Вечером, через день после того как отбили приступ, заглянул к Морткину старый дружок Михайло Сущев. Сущев по приказу воеводы Барятинского вернулся из Вязьмы собрать с уезда недоданных датошных мужиков, да так и остался в Смоленске. Сидели в сумерках у окошка, говорили. Князь Василий жаловался дружку:
— Ехать в осаду не хотел, подьячишка со стрельцами силой выволок. — Наклонился к гостю, заговорил вполголоса. — Речи твои, Михайло, что в вотчине говорил, помню. Короля не оружьем встречать надо, а с крестом да хлебом-солью.
Тот в темноте усмехнулся:
— Мыслили бы так же все бояре и дворяне, не довелось бы нам в осаду садиться, кровь лить. Воевода Михалка Шеин упрям и спесив, даром, что из худородных. Боярство при Бориске Годунове получил. От богородицкого протопопа слышал, говорил Шеин епископу Сергию: некоторые бояре в Москве к Литве клонят и Жигимонтову приходу рады. Ведаю, и в Смоленске такие изменники есть, да пусть только вздумает кто из королевских дружков слово молвить, чтоб сдать город королю, велю тех вершить, не мешкая, на зубцах вешать, какого б роду тот изменник ни был. — Совсем шепотом: — Сговорить бы дворян, какие верные, да детей боярских, да людей их, чтоб на Михалку Шеина встать. Порешим воеводу! И добьем королю челом!
Морткин завозился на лавке. От слов Сущева прошиб холодный пот.
— Страшно! Дворян да детей боярских в городе мало. Посадские же и черные мужики на Литву злы. Глазом не сморгнешь — в куски посекут.
Сущев молчал, должно быть, раздумывал:
— Правда твоя, Василий Федорович! Погодить надо. Посадские мужики, как в осаде оголодают, сговорнее станут.
Вошел холоп, поставил на стол свечу в шандале. Сущев подождал, пока слуга ушел.
— Ондрея Дедевшина помнишь ли, что со мною в вотчину заезжал?
— Как не помнить.
— Ондрея воевода в Белый услал со стрельцами. Не чаю, чтобы Ондрей в Белом долго высидел, переметнется к королю. Крыштоф Людоговский, что в Смоленске жил, когда город ставили, Ондрею дружок. В Москве у расстриги тоже Крыштоф в чести был. А из Москвы, когда литву черные люди били, обрядившись бабой, ушел. Ондрей говаривал, что Крыштоф не то у пана Сапеги, у самого короля в чести. Разумеешь?
— Разумею.
— Ондрей Крыштофу дружок. Доведется сыну Жигимонтову Владиславу, как из бояр кое-какие замышляют, на Москве царем сесть, будет кому и за нас слово замолвить. Слыхал, что Крыштоф с панами под стены подъезжал. — Тронул хозяина за локоть. — Крыштоф тот, сдается мне, не купец, а королев лазутчик.
— То не наше дело. Всяк по-своему служит. Иной — саблей, а иной — головой.
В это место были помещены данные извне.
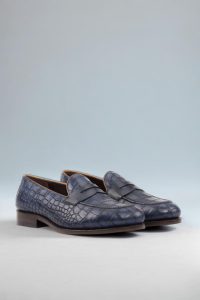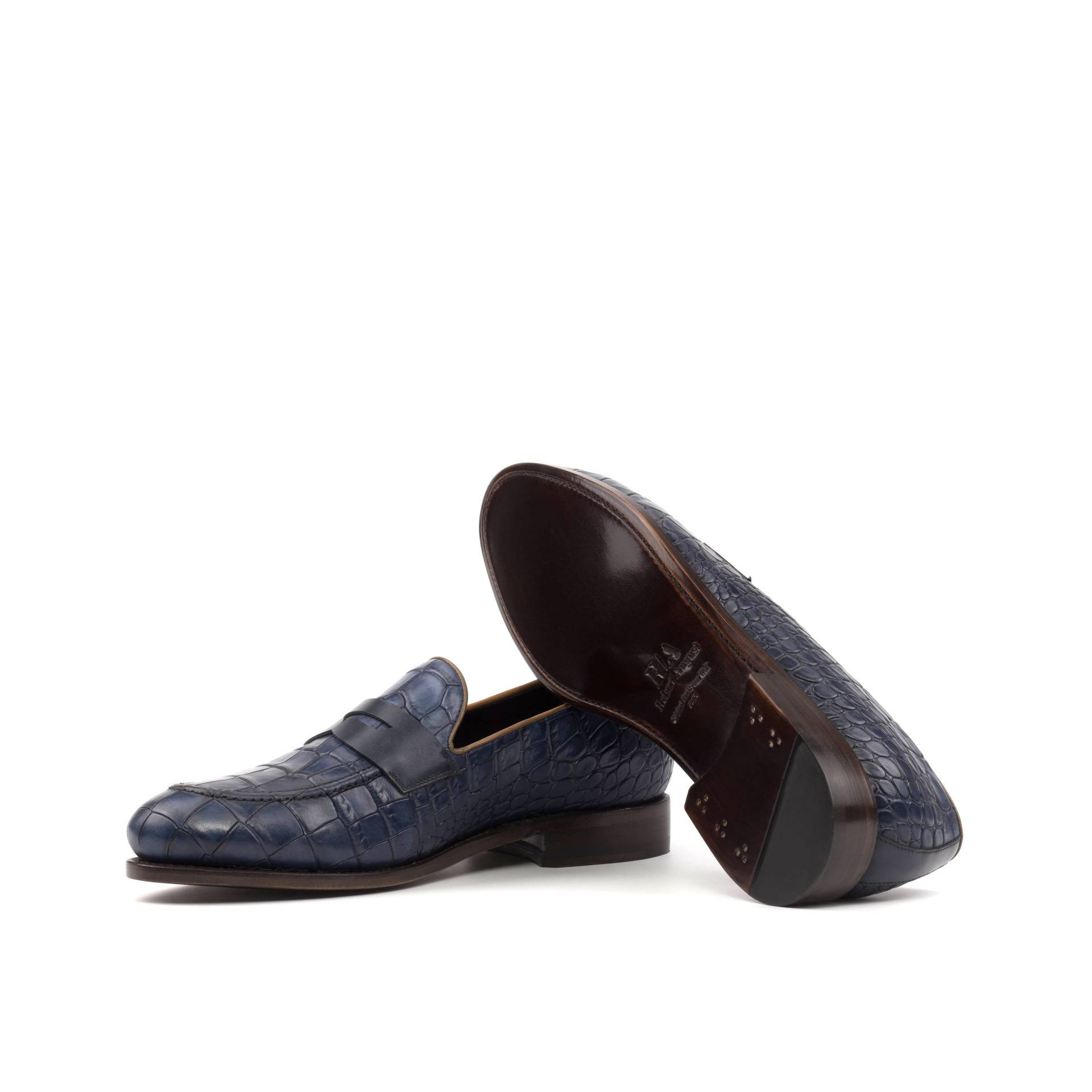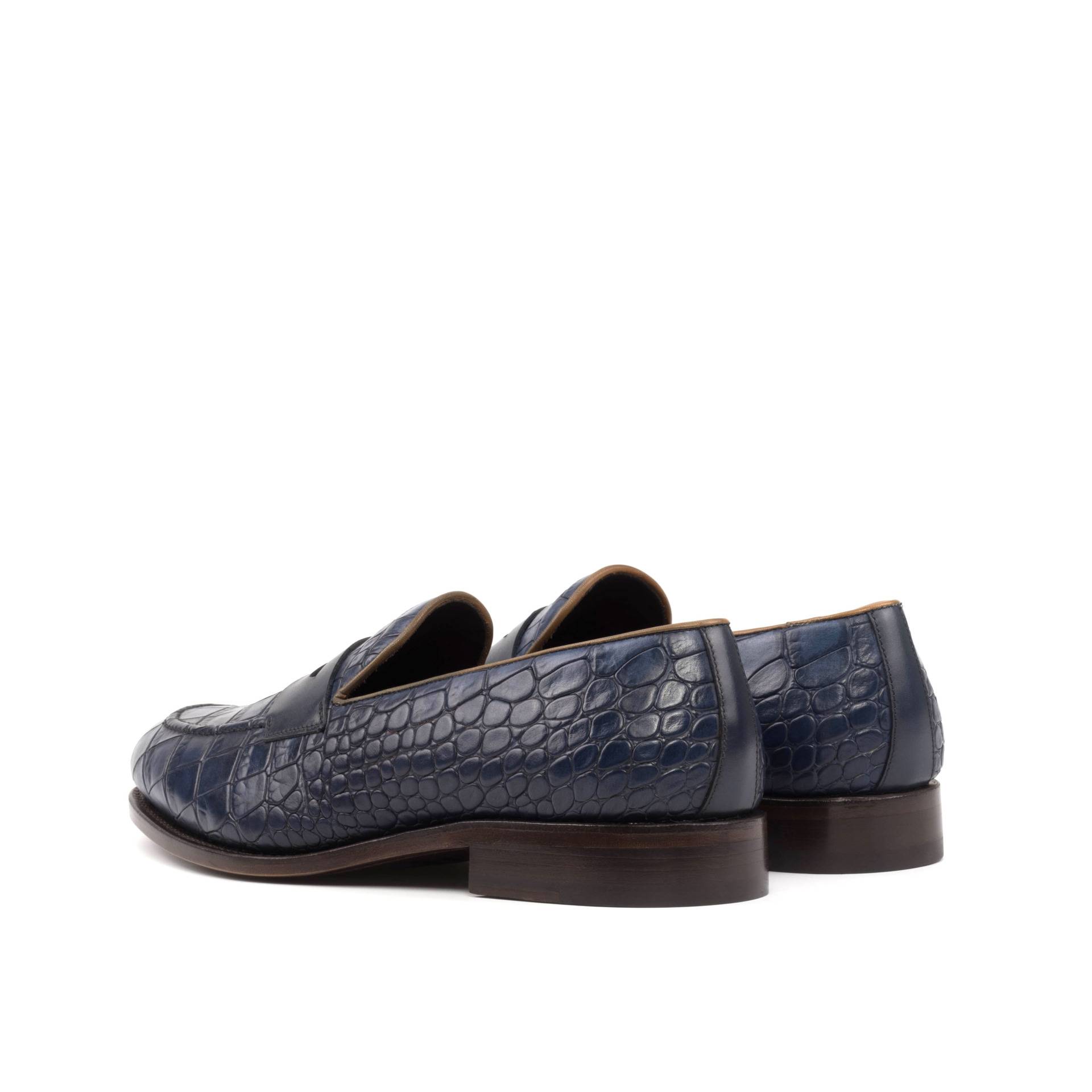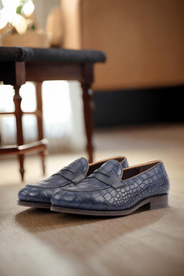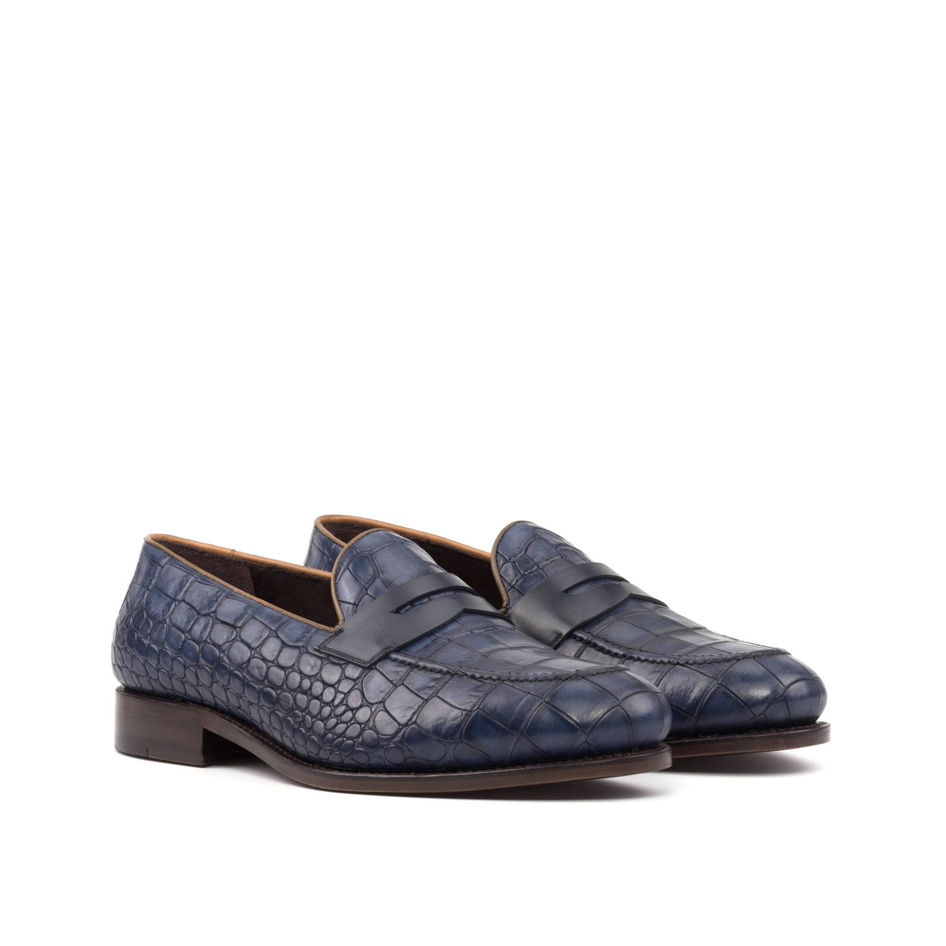 The rich Navy Blue Croco Embossed Calf base is complemented by the sleek Navy Blue Box Calf back, while the Cognac Painted Calf piping adds a touch of contrast and elegance. The Navy Blue Box Calf mask is the perfect finishing touch, exuding a sense of timeless refinement.

Сущев просидел у Морткина до поздней ночи. Когда шлепал по лужам ко двору, над башнями стояла желтая луна. В избах и хоромах — ни огонька. На пряслах перекликались караульные:
— Погля-я-дывай!
— Гля-я-дим!
Дворянин со злостью подумал: «Гляди не гляди, а не поклонится воевода Шеин королю, добудут паны город саблями. Куда посадским да черным мужикам против королевской рати устоять».
12
В половине ноября пал первый снег. Мужики и посадская мелкота из выжженных посадов кинулись копать землянки и ставить на скорую руку шалаши. До этого ютились кое-как. Кто побогаче, жили во дворах у стрельцов, попов и причетников. Хозяева брали с постояльцев цены неслыханные — восемь денег, а то и два алтына в неделю. На осадных дворах тоже жили в тесноте. Шеин велел пересчитать всех съехавшихся в город. Когда подьячие подсчитали, воевода только покачал головой. На каждого ратного человека пришлось по десяти едоков — женок и малолеток.
С шанцев каждый день били из пушек. К ядрам в городе привыкли. Привыкли и к сполошному колоколу, поднимавшему ратных, едва королевские войска пытались подступать к стенам. На прясла натаскали камней и сухого песка. Венграм, после жаркой пальбы полезшим было на стены, песком засыпали глаза. Многим проломили камнями головы.
Королевский инженер Шембек и минер итальянец Раниери из войска Людовика Вайера, брата пуцкого старосты, вели под стены подкопы. В подкопы закладывали железные бочки с порохом. Взрывом подорвали Пятницкие ворота. Кинувшегося к воротам с рейтарами рыцаря Новодворского прогнали мужики-самопальники. Ворота осажденные заложили кирпичом и засыпали землей. Королевские минеры взорвали еще две мины и тоже впустую.
Вечером того дня, когда взорвали последнюю мину, Сигизмунд велел позвать Шембека. Упрекал инженера в медлительности.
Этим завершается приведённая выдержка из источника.